Hi all to make it short,just changed my pension to be sent by citi uk and get paid on a friday,my uk bank credits my account on that day but get charged 180 baht each transaction i make at the atm of which i make 2totalling 360 baht which is extreme,what i ask is does somebody know what the timescale is for payment from citi paid into my thai bank in thb
Thanks


----------



## cnx_bruce (Feb 2, 2010)

it might be helpful if you stated what bank is "my thai bank"


----------



## Bratski (Jun 17, 2013)

Thx cnx bruce. ok citi uk gets my pension in gbp and exchanges it to thb who then in turn forwards that amount to kazikorn bank


----------



## cnx_bruce (Feb 2, 2010)

OK one variable - in terms of how long it takes - is whether Citi uses an "intermediary bank" when processing transfers to K-Bank. This info might be in their web site or you might have to ask. This potentially adds time and cost to each transfer. If this is an issue - and it may be over the long term - then it might be worth exploring an alternative to Citi and/or K-Bank. And the general rule is to never, ever, have your foreign bank do the currency transfer at their end unless you enjoy being ripped off.

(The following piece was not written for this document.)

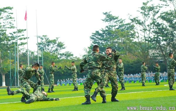 开训仪式最后由承训部队教官进行了匕首操、刺杀操、特种战术等7个科目的展示,精彩的表演赢得现场同学阵阵如雷掌声。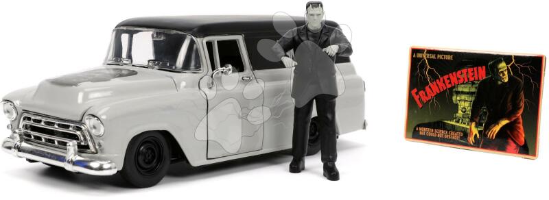 Kisautó Chevy Suburban 1957 igazán nagyszerű ajándék lelkes gyűjtőknek és gyerekeknek 8 éves kortól. A 20 cm-es fém játékautó valósághű modellje minden kisfiút és kislányt elbűvöl, a csomagban Frankenstein fémfigurája is megtalálható. A jogdíjjal védett játékautó szürke változatban nyitható ajtókkal és motorháztetővel van kialakítva. A kisautó precízen kido

The issue of currency transfers is more complex than most ppl realise, I include a summary of some of the main issue in my book (see link below left)


----------



## joseph44 (May 4, 2011)

AFAIK, the pension-payer pays the pension to Citi in Ireland.
Citi Ireland then transfers it to wherever you like. 

I know a case of Citi Ireland transferring the pension to Bangkok Bank Branche London at NO cost, but but but........Bangkok Bank London transfers to Bangkok Bank Bangkok at a very unfavorable exchange-rate.

It's either way........


----------



## Bratski (Jun 17, 2013)

thx to both responses but still never answered my ? of timescale involved,my concerns over rates/charges is not a issue,as i'm aware of the aforesaid minimal charges involved compared to the 360 baht it presently costs me + the unfavoutable rates that k bank already charges


----------